We used a Qiagen DNeasy Powersoil Kit to extract DNA from fecal samples by following the manufacturer’s instructions with modification for arthropod diets (Qiagen, Germantown, MD, USA). To remove ethanol from samples before extraction, we conducted two washes of the fecal pellet with RNA/DNA free molecular grade water as described in Grond et al. (2014). Extracted DNA was quantified and quality-controlled using the Invitrogen Qubit 4 Fluorometer (ThermoFisher Scientific, Waltham, MA, USA). Sequencing for bacterial taxa was conducted on the V4 region of the bacterial 16S rRNA gene using forward primer 515F (5′-GTGYCAGCMGCCGCGGTAA-3′) and reverse primer 806R (5′-GGACTACNVGGGTWTCTAAT-3′). The PCR cycling conditions adhered to the Earth Microbiome Project protocol and were as follows: an initial denaturing step at 94 °C for 3 min; followed by 35 cycles of 94 °C for 45 s, 50 °C for 60 s, and 72 °C for 90 s, and then a final extension period at 72 °C for 10 min (Gilbert, Jansson & Knight, 2014). 16S amplicons (PCR products) were purified using Mag-Bind TotalPure NGS beads (Omega Bio-Tek, Norcross, GA, USA) and index tagged to identify the originating bird sample and location and sequenced using the Illumina MiSeq platform with the v3 (2 × 300 cycles) reagent kit. All library preparation and sequencing were conducted at the Advanced Studies in Genomics, Proteomics, and Bioinformatics (ASGPB) facility at the University of Hawaiʻi at Mānoa (Honolulu, HI, USA).
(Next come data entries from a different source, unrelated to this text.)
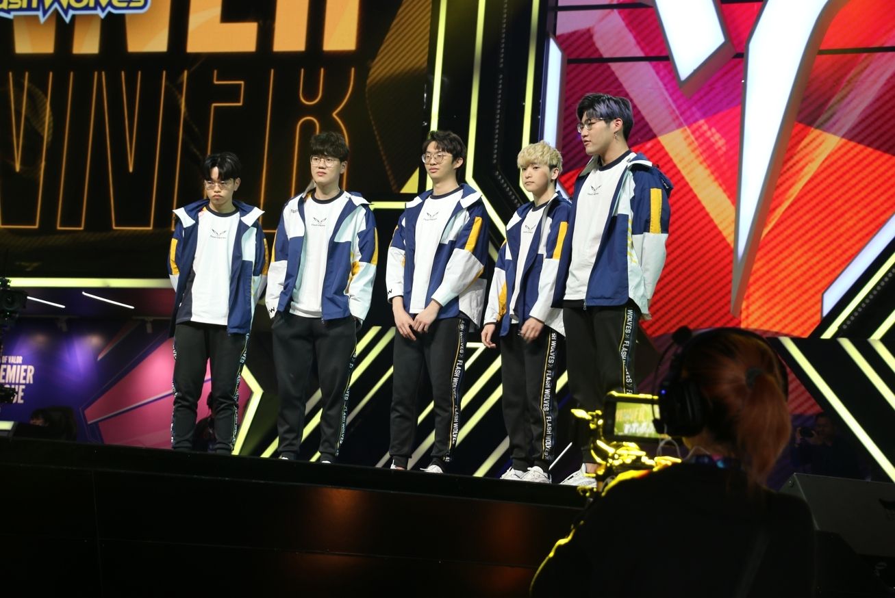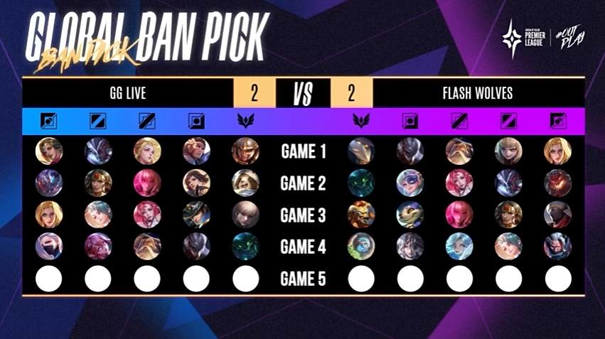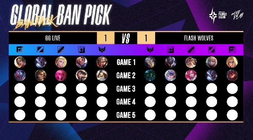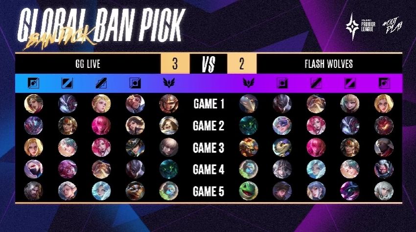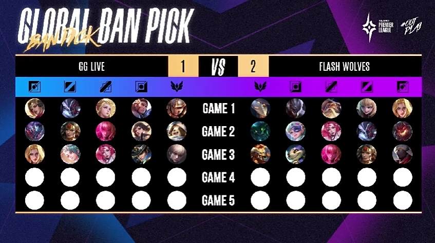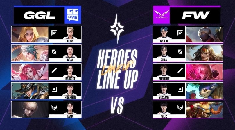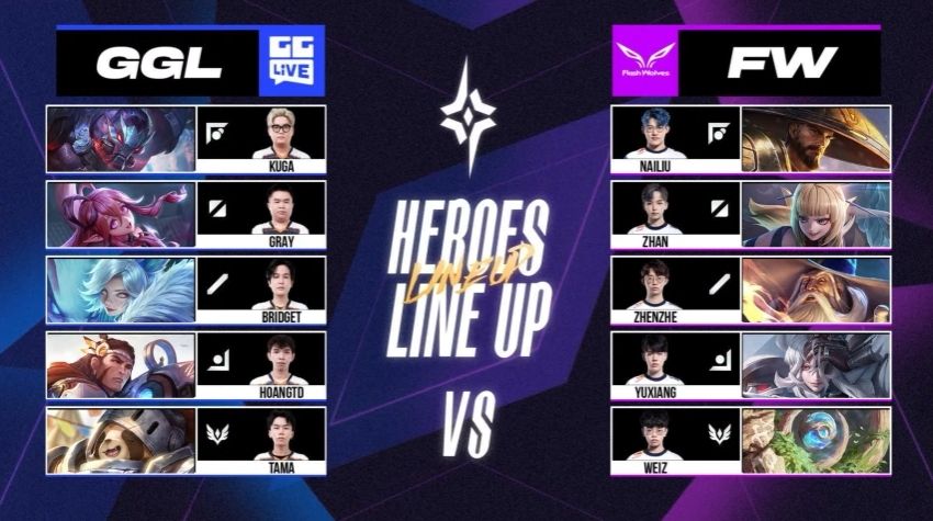 第五场赛事 FW 回到熟悉的红方出击,FW YuXiang 及 NaiLiu 的快速支援拿下 GGL 两颗人头,GGL 随后反击连人带塔一口气拿下,开始取得小幅度的经济领先。接着两边在中上两路来回碰撞小型团战,但 GGL 仍旧维持着有利局面,经济领先超过 4k。10 分钟时,FW 中路高地塔告破,但抓到了 Kuga 的人头勉强守住高地。12 分钟时,GGL 在抓到优势的情况下加上古木 Tama 的关键留人,一口气推到底 3:2 拿下听牌局。本场由 GGL 中路 Bridget 的莉莉安拿下 MVP。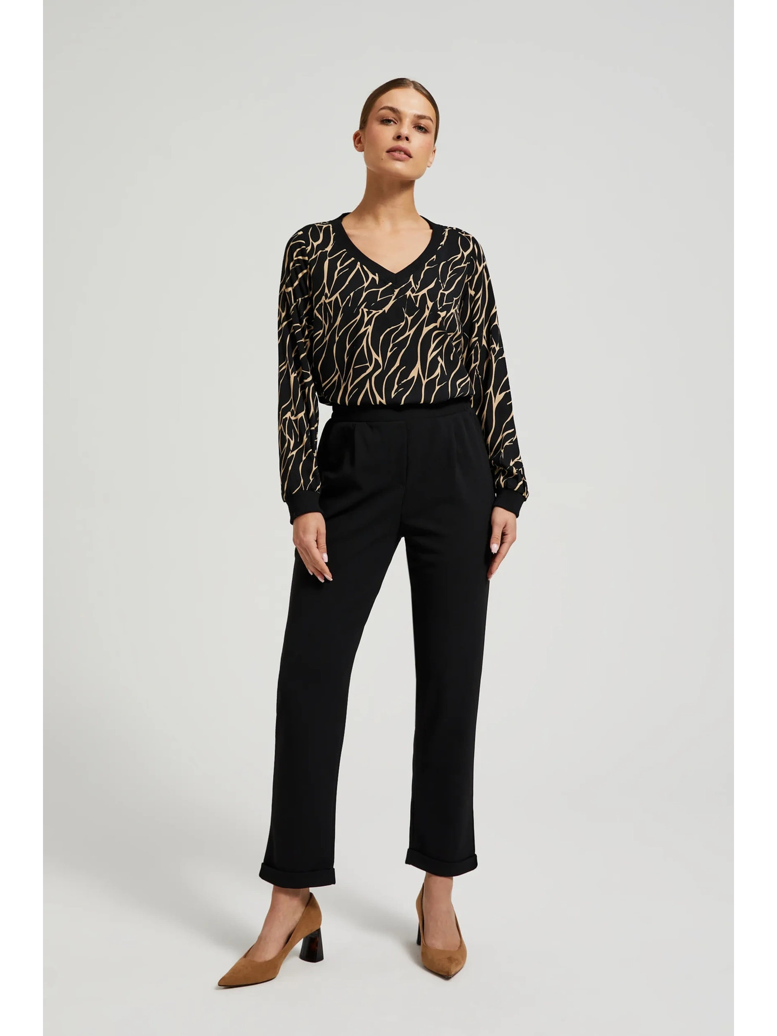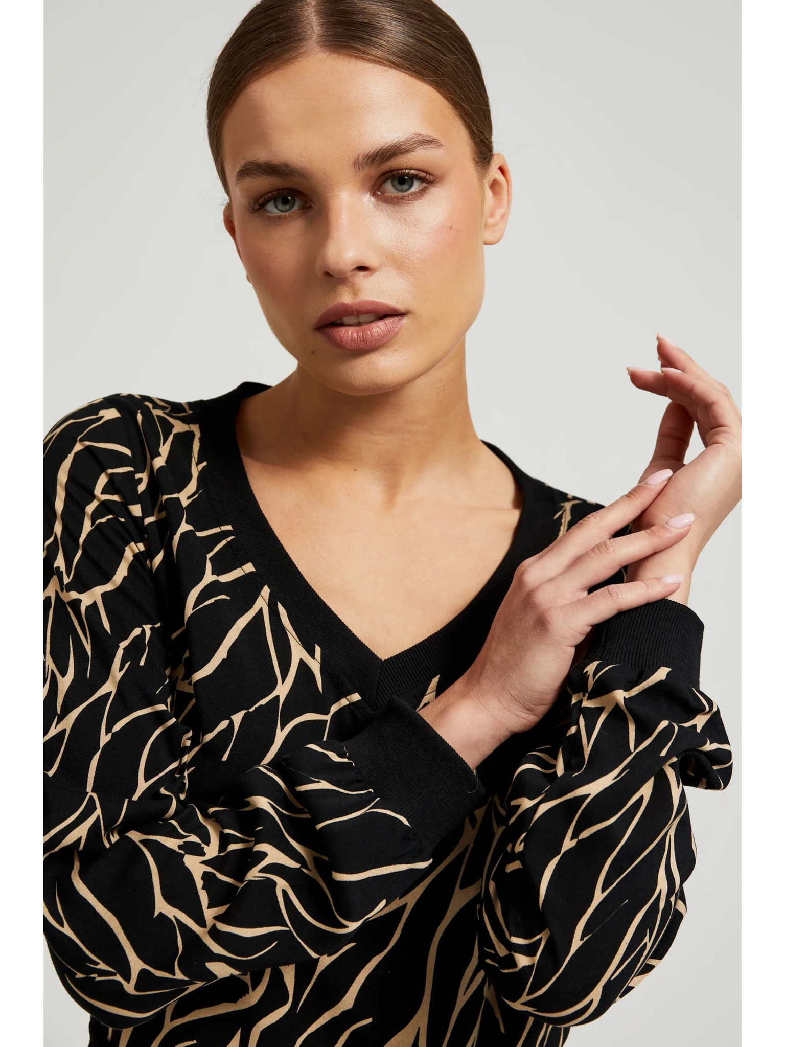 Viskozna crna košulja s V-izrezom Moodo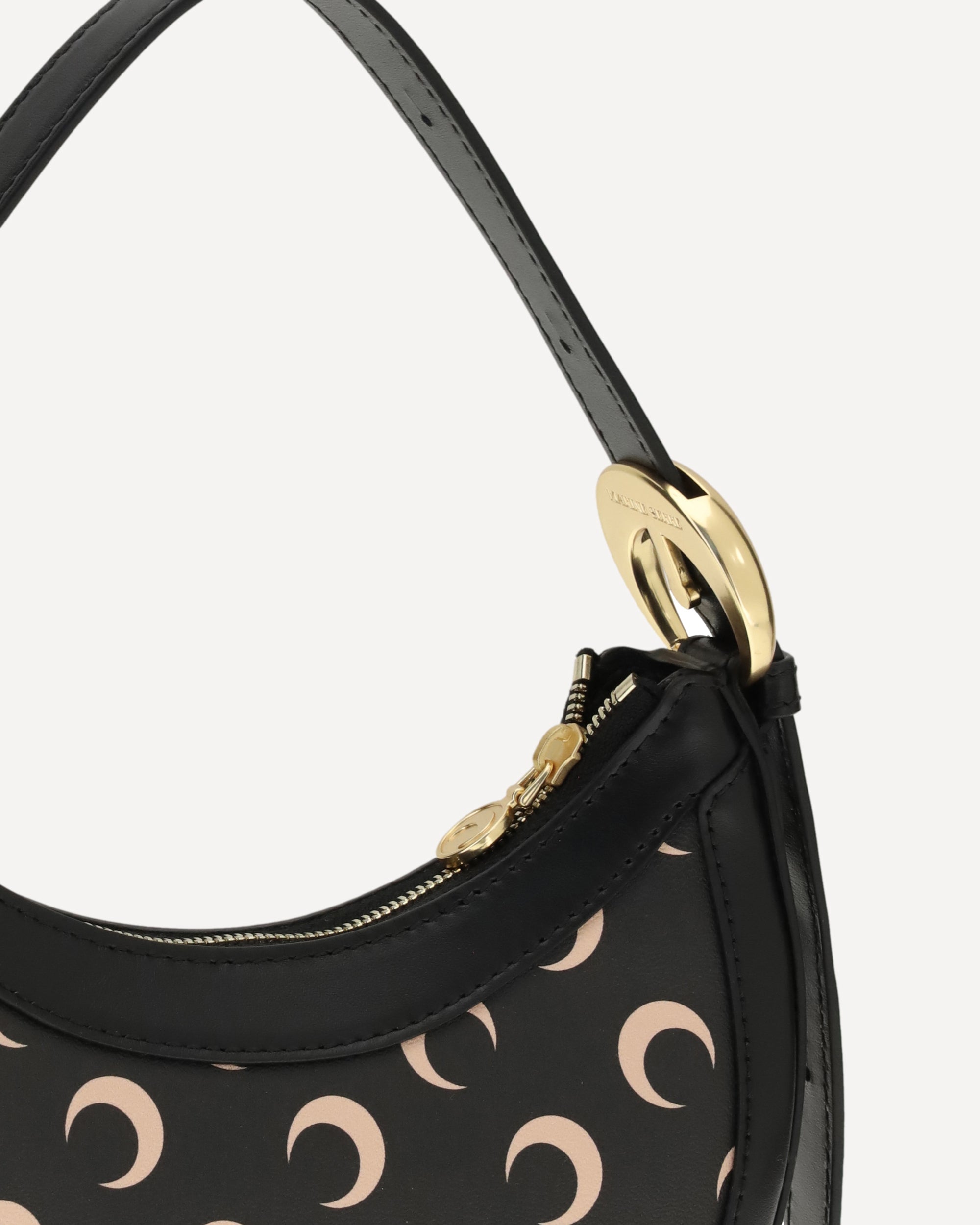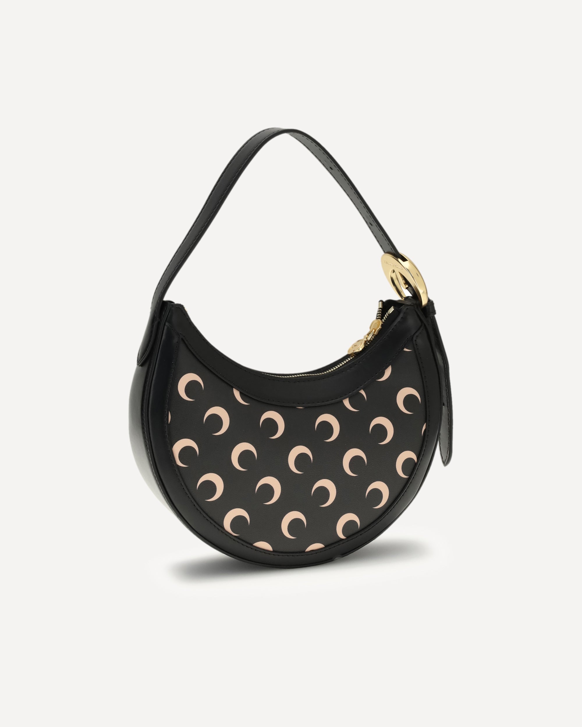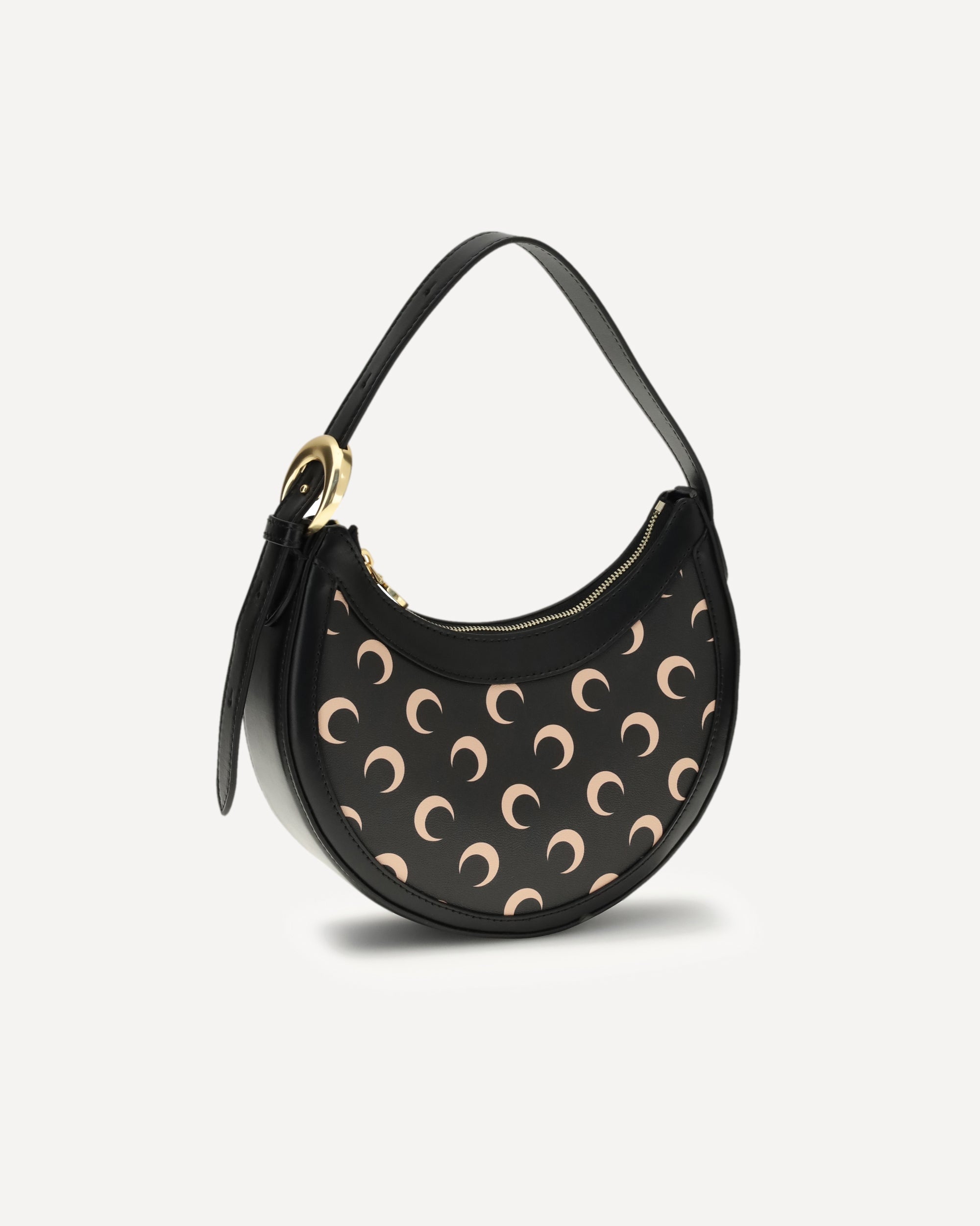 The Moon mini Shoulder Bag by Marine Serre combines compact design and distinctive details. Featuring a zipper closure, it has a jacquard lining with a moon motif and a leather patch with Marine Serre logo, giving the model a touch of contemporary elegance.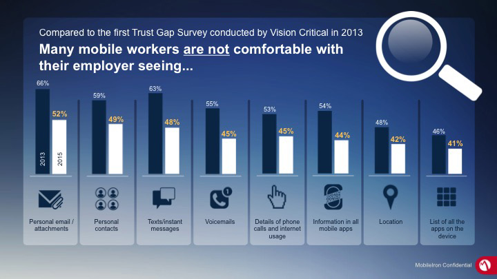Though the vast majority of these workers trust employers to keep personal information privateMobileIron on mobile devices, they are still concerned about specific types of personal data. Compared to the first Trust Gap Survey conducted in 2013 by Vision Critical, mobile workers are not comfortable with their employer seeing the following: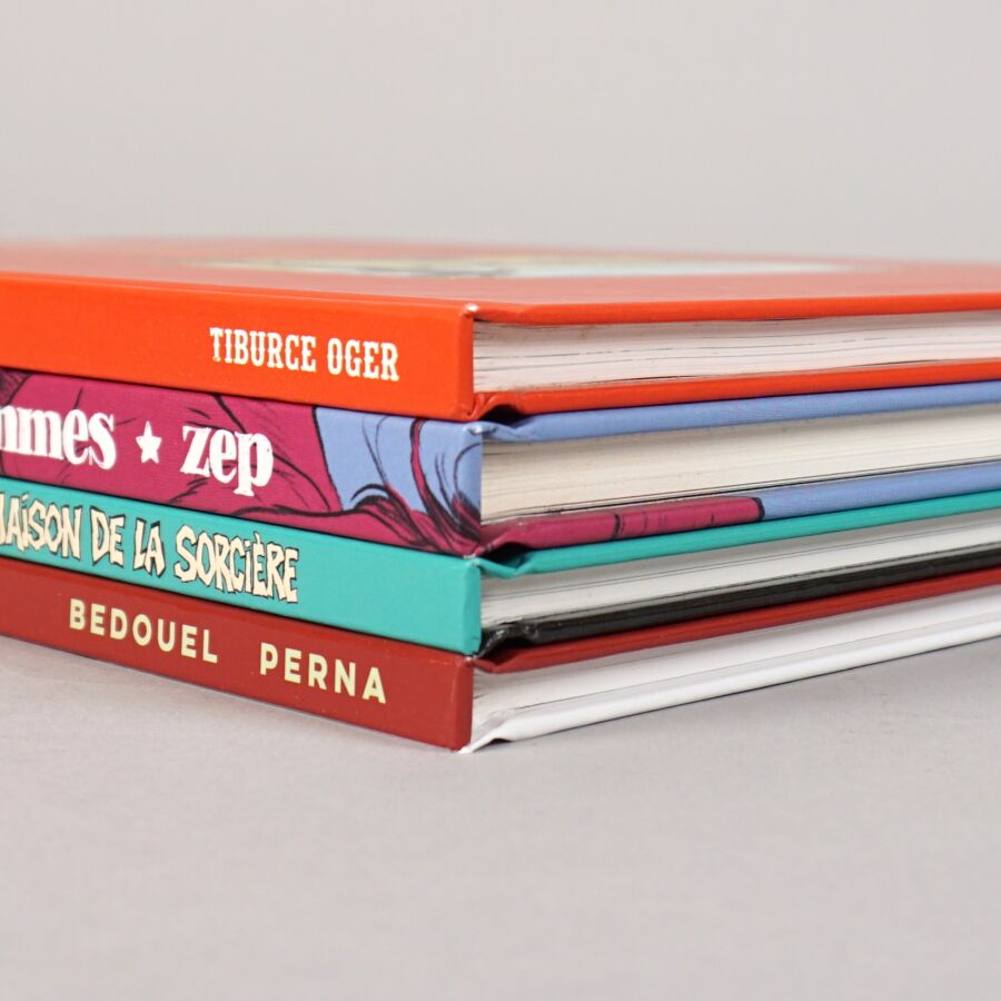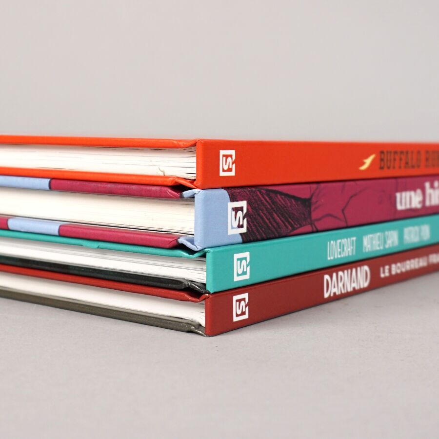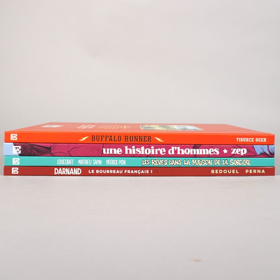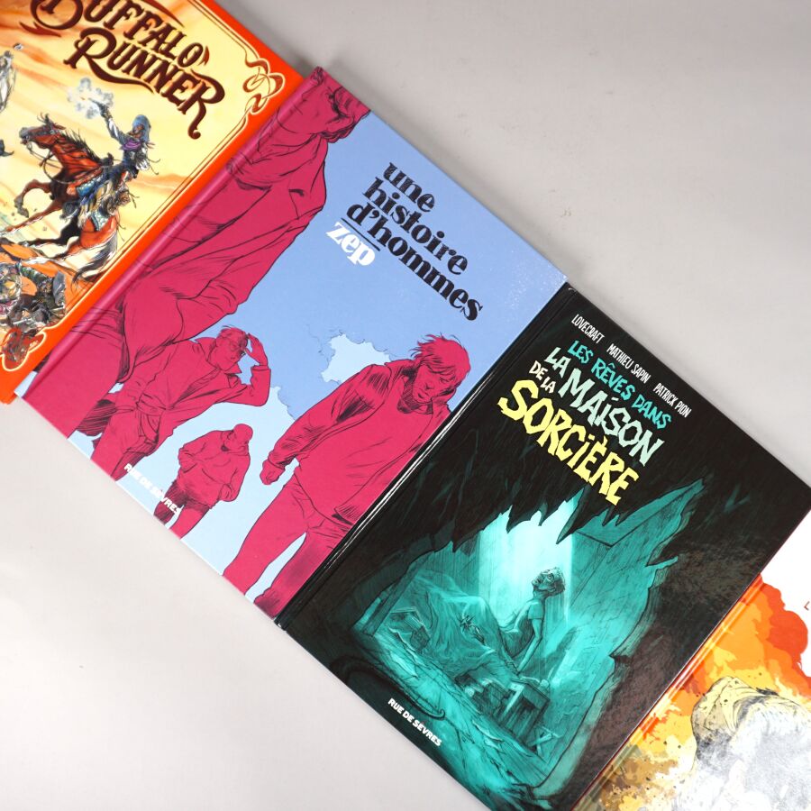Éd. RUE DE SEVRES : Ensemble de 4 albums comprenant "Une histoire d'hommes" (timbré, numéroté, limité à 250 exemplaires, signé par ZEP et accompagné d'un ex-libris), "Buffalo runner" (histoire complète), "Les rêves dans la maison de la sorcière" (doublement dédicacé par Mathieu SAPIN et Patrick PION) et DARNAND (tome 1).

Data processing and statistical analyses

The University of Hawaiʻi at Mānoa’s C-MAIKI (Center for Microbiome Analysis through Island Knowledge and Investigation) pipeline (Arisdakessian, Cleveland & Belcaid, 2020) for amplicon-based microbiome analysis was used to process samples from raw reads to amplicon sequence variants (ASVs; Callahan, McMurdie & Holmes, 2017). The C-MAIKI pipeline quality-filtered and denoised sequences in the program DADA2, then aligned, filtered, and annotated sequences in the program MOTHUR using the Silva database (Schloss et al., 2009; Callahan et al., 2016; https://www.c-maiki.org/). Potential chimeras were removed with VSEARCH (Rognes et al., 2016) through MOTHUR. Sequences matched to chloroplasts, archaea, and mitochondria were removed from the dataset.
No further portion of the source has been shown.